The one thing my family and I do every time we visit a national park: We pick up and complete a fact- and fun-filled Junior Ranger book, pledge to make the world a little better place, and pocket a patch and collection-worthy certificate to remember the visit.
Here’s what I’ve learned when discovering you are never too old to learn, Junior Ranger-style:
You Will Feel Like A Kid Again
It is fair to tackle the age question first. True, the National Park Service describes its Junior Ranger program as geared toward young people ages 5 to 13. It also says people of all ages can participate. Just a few years ago, a 103-year-old woman made news as the oldest-known Junior Ranger. Filling out Junior Ranger activity books you request at each visitor center can be a great individual or intergenerational-family activity using everyone’s strengths — from nature lovers and word-searchers to history buffs and sharp-eyed scavenger hunters. If you are determined to try something more adult-focused, there are also a few sites that offer special Senior Ranger booklets.
The National Park Service Office of Communications recommends you check in with a park ranger at the visitor center for each park you plan to visit to confirm how the program works there. Doing this ahead of time can help you know what to expect. For example, Yellowstone National Park charges $5 for its booklet.
Pro Tip: If possible, print booklets available online ahead of your visit. Here is an example from Channel Islands National Park. This allows you to avoid lines at often-crowded visitor centers, start learning about the park ahead of your visit, and focus more on the park when you arrive.
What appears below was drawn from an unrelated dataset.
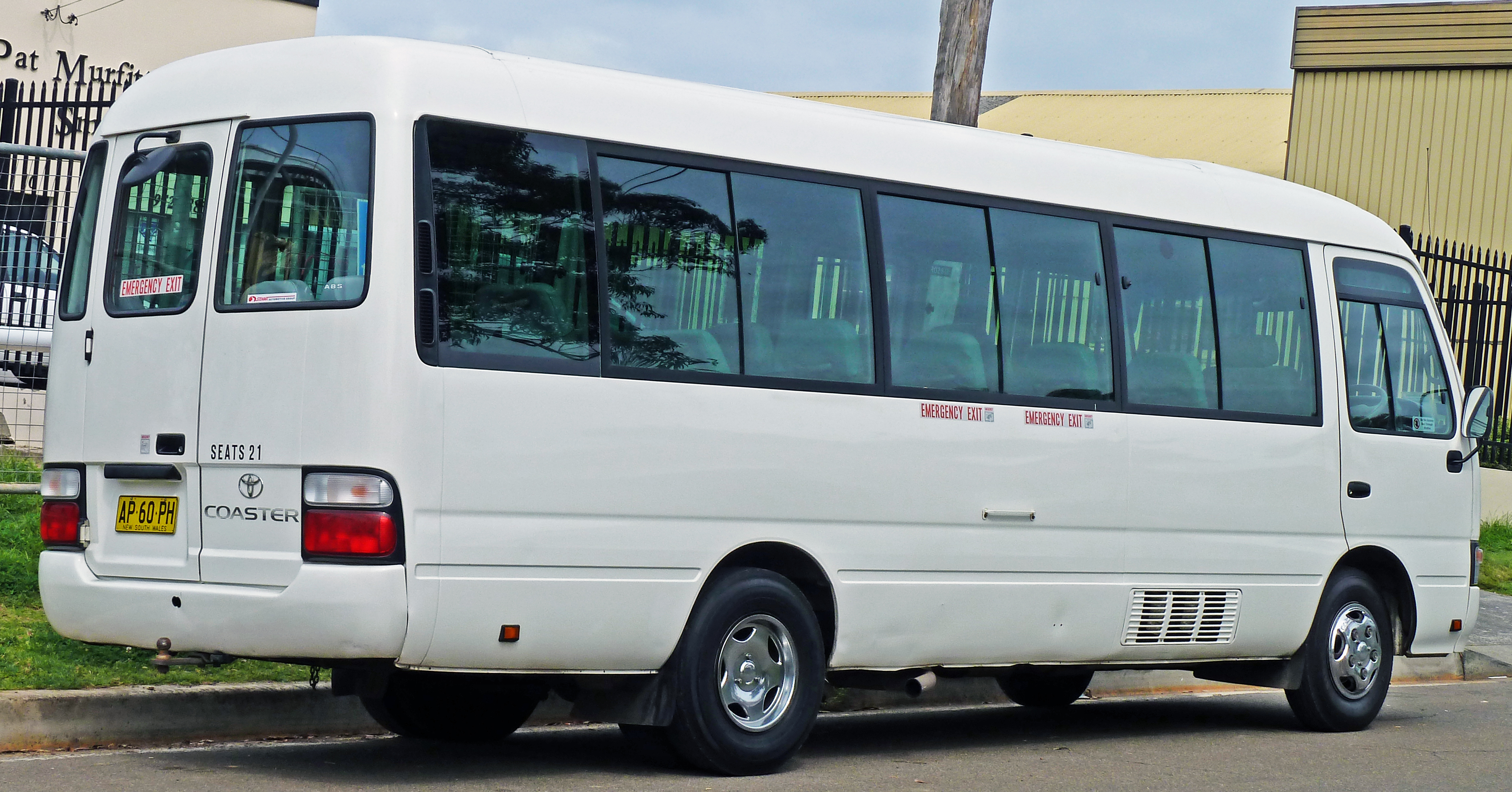 2001–2007 Toyota Coaster bus. Photographed in Caringbah, New South Wales, Australia.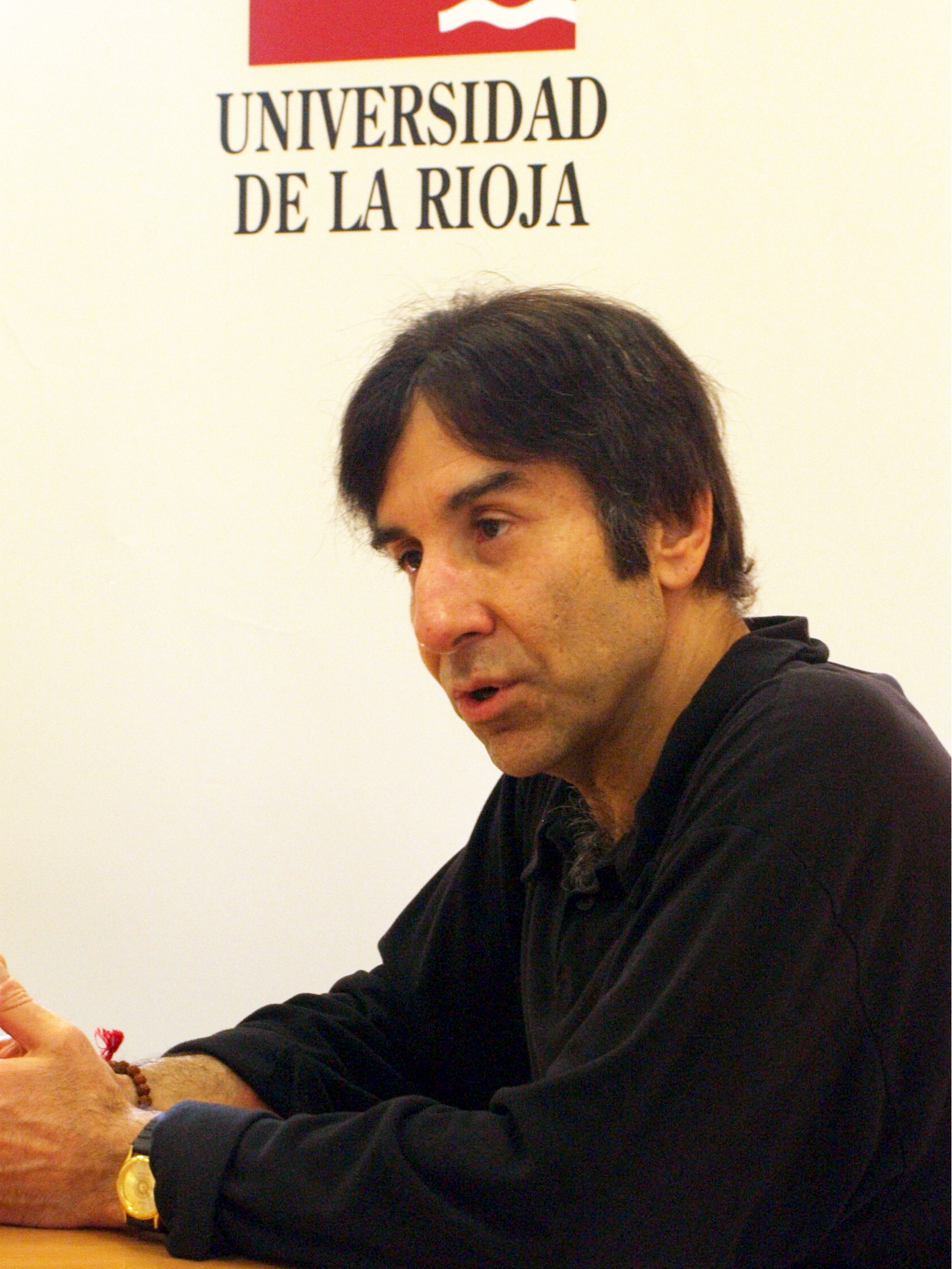 Gary Francione in the University of La Rioja.

You Will Give Yourself A Conversation Starter
The Junior Ranger Program gives you an excuse to ask the burning questions you have about a park. NPS park rangers check over and sign your activity book and administer the Junior Ranger oath required to receive your badge. This helps you grab one-on-one time to talk with the experts about what you have seen. This is where we learned about the history (and necessity) of fire to sequoia trees at Sequoia National Park in California, and where we came to understand how glaciers changed the landscape at Kenai Fjords National Park in Alaska.
You Will Get Out Of Your Comfort Zone
My family has now visited 44 of the 63 national parks and dozens more national park sites, and Junior Ranger-inspired activities have led to some of our favorite (and free!) experiences. Often these take you to places in the park you would otherwise not see or open you to perspectives you may not otherwise hear.